Fernando Andrade entrevista o escritor Anderson Soares Freixo sobre o livro ‘Nome próprio’

Anderson Soares Freixo - Fernando Andrade entrevista o escritor Anderson Soares Freixo sobre o livro 'Nome próprio'
 
 
 
 

Fernando Andrade – Seu narrador não procura apenas a linguagem como Beckett tencionava, ele passeia por afetos solitários por algum sentido. Me fale desse narrador e suas dimensões.

Anderson Soares Freixo – Meu narrador está sempre lutando contra o vazio. Uma estratégia possível é construir sentidos pra coisas que, de outra maneira, seriam nada. O fato de haver sentido justifica a experiência e o sofrimento de passar por ela. Faz, de algum modo, valer a pena. Achei interessante essa referência a Beckett, porque no meu livro a espera é um tema fundamental, assim como nas obras dele. Mas não é uma espera intransitiva e agonizante como a dos personagens beckettianos. Meu narrador acredita no intervalo. A espera acontece entre o último evento ocorrido e o próximo evento, que pode ser extraordinário. Enquanto isso, ele busca sentido e, se não encontrar, ele tenta inventar um para se justificar, embora às vezes só reste tentar narrar o vazio com alguma pompa. De todo modo, a linguagem é muito importante como instrumento que possibilita o sentido. A impressão que tenho das obras de Beckett é que a relação dos personagens com a linguagem se dá mais no nível da forma, porque eles já desistiram do sentido. Uma passagem de Beckett que me marcou muito foi a de Clov, de Fim de Partida: “Eu falo as palavras que você me ensinou, se elas não significam mais nada, ensine-me outras ou deixe-me ficar calado”. Existe essa desconfiança com a linguagem, como se as palavras fossem ocas. Parece que, no fim das contas, a interação verbal entre os personagens acaba servindo apenas pra ajudar a matar o tempo, que, na verdade, é o fim principal de qualquer esforço. Já no meu livro, a linguagem faz parte de um esforço pra enriquecer a própria experiência. Assim é possível tolerar a vida e aguardar aquele momento fora do comum que se justifica por si só, e que, por sua vez, justifica a espera. O extraordinário é o messias do meu narrador.

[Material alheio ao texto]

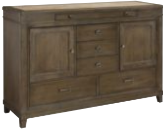
488-850 BUFFET W62 D19 H42-1/2 5 Drawers, 2 Doors, 1 Adjustable Shelf, Laminate Pull-Out Shelf, Silverware Tray in Top Center Drawer, Adjustable Center Foot, Area Behind Door Without Shelf: W20 D16-3/4 H21-7/16, Adjustable Levelers pages: 12/13, 15, 16/17
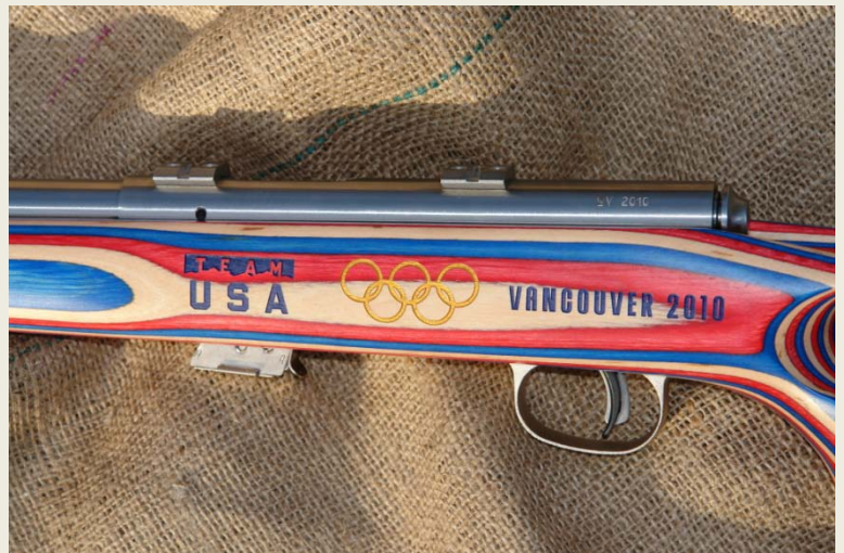
Baron engraved all 50 Savage Arms Mk II BTVS rifles that were auctioned off to benefit the U.S. Biathlon Team. After the laminated stocks were engraved, they were meticulously hand-painted with blue and gold.

Baron engraved and hand-painted the left side of each gun’s special red, white and blue laminated stock with the inscription “Team USA Vancouver 2010” and the United States Biathlon Association logo (both painted in blue). Also, each engraved-in-the-USA rifle featured a serial number that included a state designation and the year: 2010.
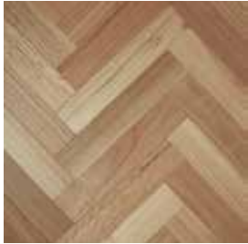
Matte, 3mm TG Size: 430x86x14/3.0mm Sqm: 0.666 Ctns/Pallet: 99
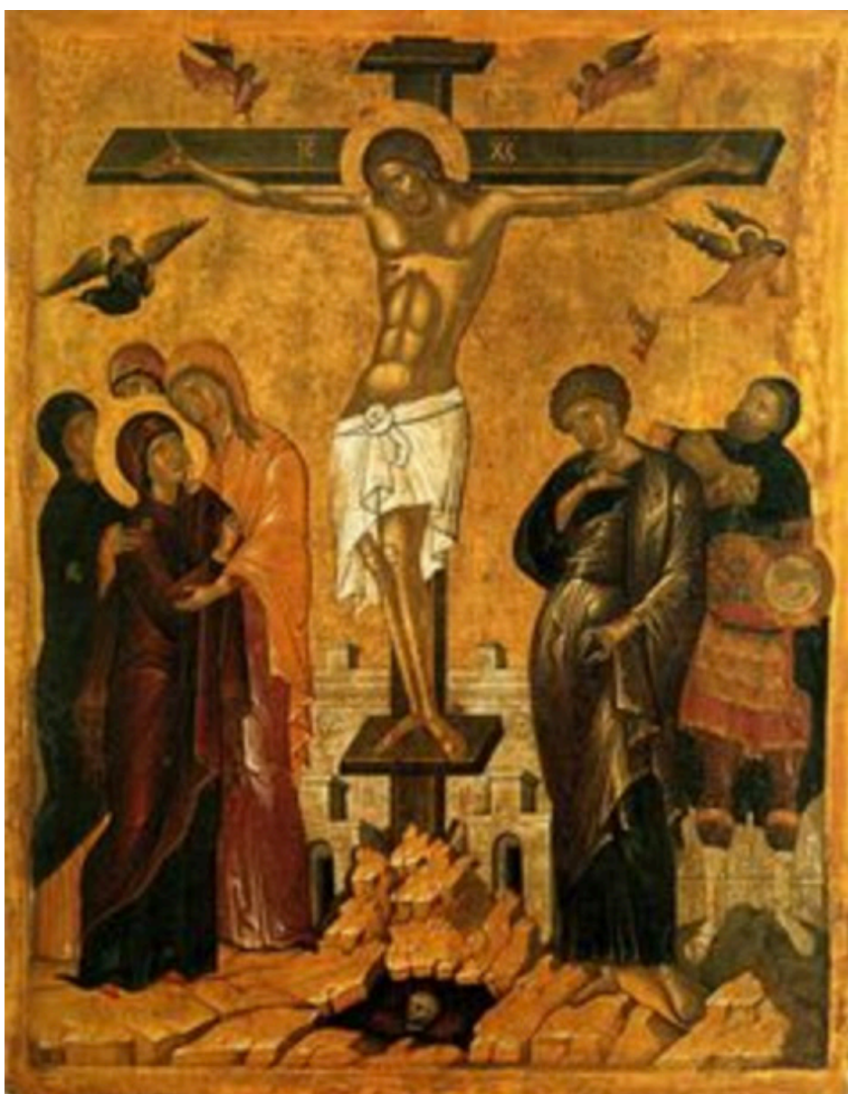
▲ Skull of Adam

Fernando Andrade – Embora não seja um livro niilista, há um pessimismo contra o valor que a religião dá a vida. Por isso seu livro é uma obra totalmente anti-religiosa. Apegada a filosofia do Cioran. Comente.

Anderson Soares Freixo – Acho forte demais dizer que ela é anti-religiosa. Se ela é, deve ser mais por indiferença que por oposição. É um livro mundano, digamos assim. Deus não tem muito a ver com ele, e ele não tem muito a ver com deus. Em Chá de Boldo eu ataco uma ideia muito específica de religião. Aliás, um tipo particular de relação entre as pessoas e Deus. Essa ideia de que Deus fica numa espécie de call center celestial ouvindo os problemas de todo mundo e intervindo para solucioná-los. Não consigo me recordar de nenhuma outra passagem diretamente anti-religiosa. Já sobre Cioran, pra ser honesto, nunca li!

Fernando Andrade – O humor seria a última fonte para revelar o absurdo da existência. Comente esta afirmação.

Anderson Soares Freixo – É a última? Eu sempre tento começar por ele!

Fernando Andrade – O processo de análise envolve a relação de anamnese com as dores, mas seu livro procura uma afirmação ou não da altivez do padecimento. Explane.

Anderson Soares Freixo – Tem uma música do Arnaldo Antunes em que ele fala “Socorro! Não estou sentindo nada. Nem medo, nem calor, nem fogo. Nem vontade de chorar, nem de rir…” Isso pra mim é uma coisa terrível. A dor, às vezes, livra a gente desse tipo de torpor espiritual, e, consequentemente, afirma a vida. Afinal, morto não sente dor (eu acho). Às vezes é bom sentir dor, porque é bom sentir e ponto. É parte do que nos faz humanos. Mas a gente também só aguenta uma certa medida de dor, e depois desse limiar, podemos pensar que seria melhor não sentir nada. Acho que esses momentos de dor são como um corredor polonês que é preciso atravessar, com a fé de que ele eventualmente termina e a gente não apanha mais. Mas enquanto a gente está apanhando, não dá pra fingir que não dói. O negócio é ir em frente. Como eu disse anteriormente, o livro narra intervalos. Momentos de tédio, de angústia, de recolhimento, que são propícios ao exercício de doer. Às vezes é insuportável, às vezes dói mas é gostoso.